Lysyloxidase (LOX) highly expressed in CAFs can remodel the matrix collagen microenvironment, enhance matrix stiffness, and accumulate nuclear β-catenin giving rise to EMT and tumor invasion through the FAK phosphorylation pathway (Figure 3) (63). Stromal nicotinamide N-methyltransferase (NNMT), a specific biomarker of CAFs, can regulate type I collagen deposition through epigenetically regulating the transcription of LOX via the NNMT-LOX-FAK axis by reducing the enrichment of H3K27me3, which can foster OSCC stemness by maintaining FAK signaling (Figure 3) (64). Mediated by integrin α2β1, CAFs-derived LOX-rich EVs mediate collagen crosslinking through fibronectin, periostin, and bone morphogenetic protein-1, and promote EMT via p-FAK/p-paxillin/YAP signaling pathway (65).
3.2.3 CAFs-derived TGF-β activates OSCC cells
TGF-β can activate OSCC cells via classical SMAD pathway. TGF-β secreted by CAFs in invasive cancer nests could increase the level of sex-determining region Y (SRY)-box9 (SOX9) expression by activating SMAD pathway, which was conducive to OSCC invasion and migration (66). Single-cell analysis showed that CAFs could promote OSCC invasion by secreting TGF-β through SMAD pathway (67).
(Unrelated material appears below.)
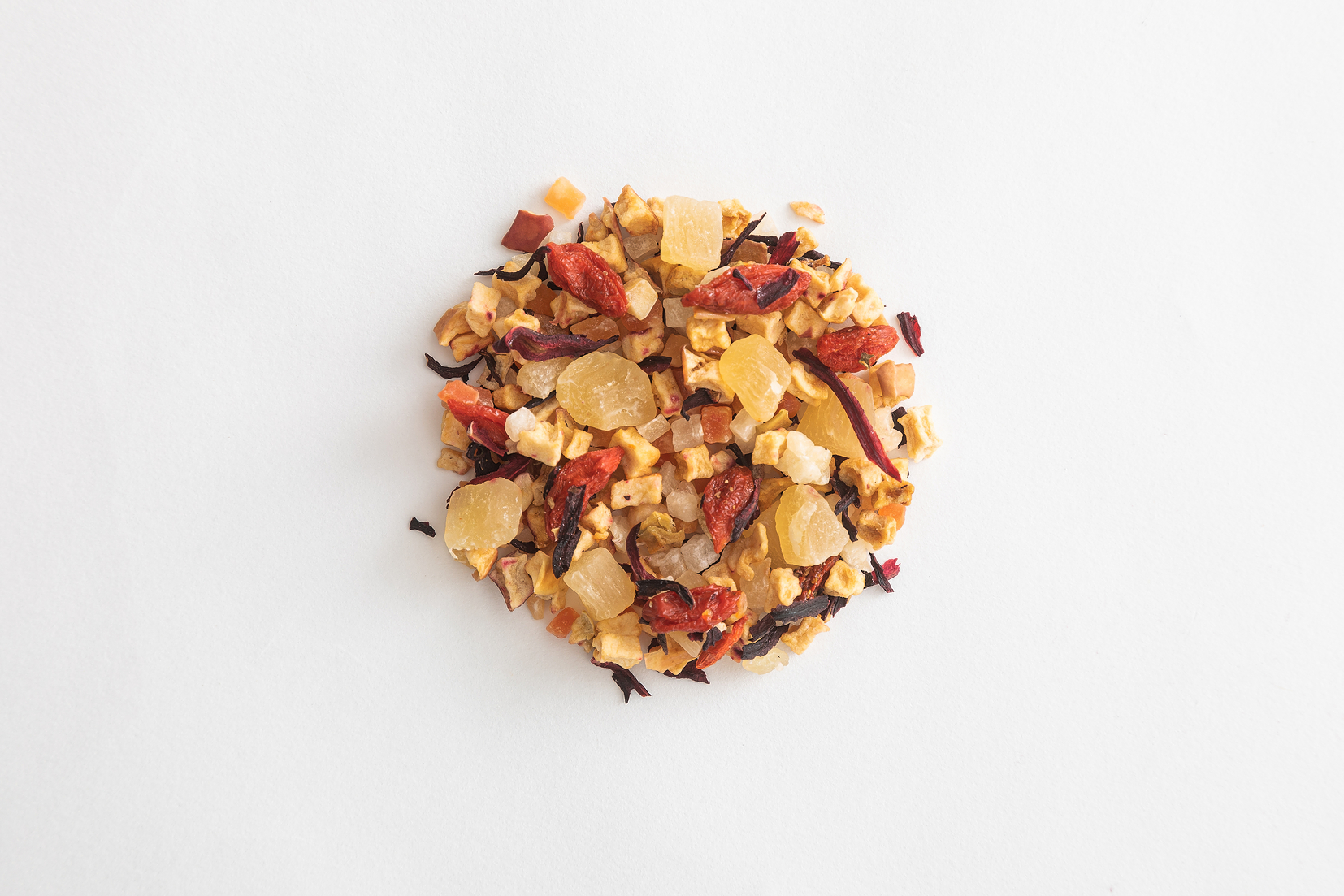 原材料名:加糖ドライパイナップル(タイ製造)、加糖ドライパパイヤ、有機ドライアップル、クコの実、有機ハイビスカス/香料、クエン酸、保存料(亜硫酸塩)

3.2.4 CAFs-derived lactate activates OSCC cells
Higher integrin beta 2 (ITGB2)-mediated lactate release in CAFs promotes OSCC proliferation by oxidation of NADH in mitochondrial oxidative phosphorylation system (Figure 3) (68). LncRNA H19/miR-675-5p/PFKFB3 axis-mediated glycolysis reprogramming in CAFs enhances OSCC growth through lactate secretion (Figure 3) (69). PDGF-BB-induced glucose metabolism reprogramming in CAFs promotes the proliferation, invasion and metastasis of tongue squamous cell carcinoma (TSCC) via the secretion of lactates (70).
CAFs can directly activate OSCC cells and promote OSCC progression by secreting RNAs, proteins, TGF-β and lactate. In particular, CAFs indirectly activate OSCC cells via LOX-mediated the remodeling of stromal collagen microenvironment. CAFs-derived exosomal lncRNA and miRNA promote OSCC proliferation, migration, and invasion, but relevant studies on circ RNA are lacking. The mechanism of lactate-related glycolysis reprogramming in CAFs has gradually become a research hotspot. In addition, the mediators secreted by CAFs to activate OSCC cells in some relevant studies have not been clarified, which needs to be further investigated (71).
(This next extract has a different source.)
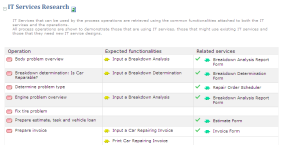 IT services that can be used by process operations are found using common functionalities attached to services and operations.

3.3 CAFs suppress immune cells
CAFs-derived exosomal immune-related genes (hsa-miR-139-5p, ACTR2 and EIF6) induce immunosuppression and promote OSCC proliferation by regulating the expression of PIGR, CD81, UACA, and PTTG1IP in cancer cells (72). CAF-derived ACLP suppresses CD8+ T cell migration and facilitates OSCC progression (73). Zhao et al. reported that the low number of CD68+ CAFs, a novel subtype of CAFs, exhibited a negative association with the proportion of Tregs (74).
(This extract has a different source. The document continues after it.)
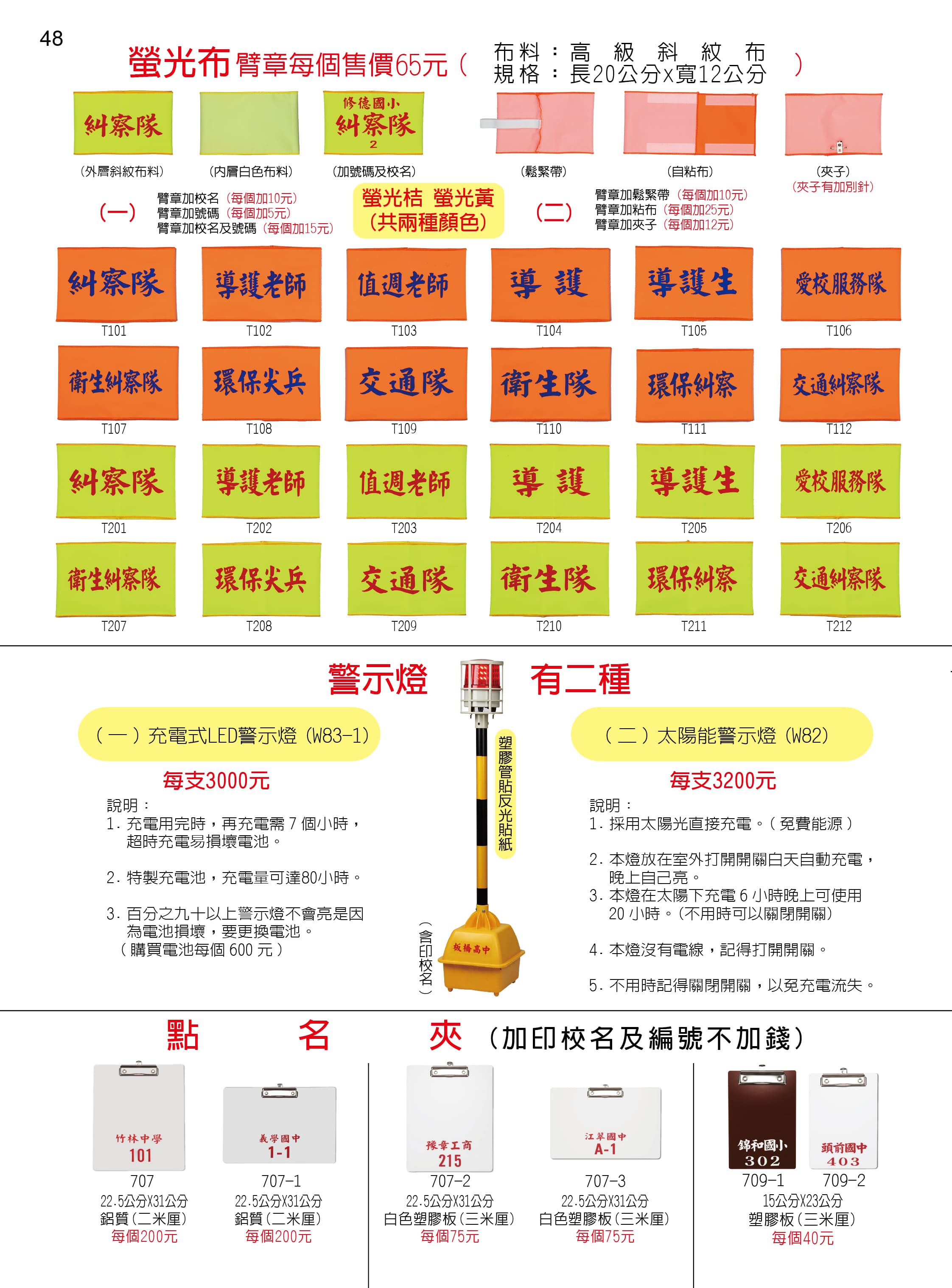 (1)充電式及太陽能警示燈(2)點名夾(3)螢光布臂章

CAFs can indirectly or directly inhibit immune cells to promote the progression of OSCC. The indirect inhibition effect of CAFs on immune cells is achieved by inducing immunosuppressive microenvironment. Genome sequencing and mRNA-miRNA interaction network analysis provide evidence for the correlation between CAFs-derived exosomal immune-related genes and immunosuppression. However, their detailed regulatory mechanism in OSCC has not been fully clarified due to the lack of comprehensive molecular biological analysis. The next step is to further elucidate the specific mechanism of CAFs inhibiting immune cells through in vitro and in vivo experiments, while focusing on the regulation and inhibition of CAFs on T lymphocytes.
4 T lymphocytes
4.1 Role of Tregs in OSCC
Inflammatory cells within TME secrete chemokines like C-X-C motif chemokine (CXCL)12 and CCL17 to recruit Tregs (10, 75, 76). Alternatively, in non-inflammatory conditions, mutations in genes such as epidermal growth factor receptor (EGFR) can modulate signaling pathways, leading tumor cells to produce chemokines like CCL22 that enhance Tregs infiltration (77). Furthermore, the level of Tregs in the TME is also intricately linked to tumor-draining lymph nodes (TDLNs) (78).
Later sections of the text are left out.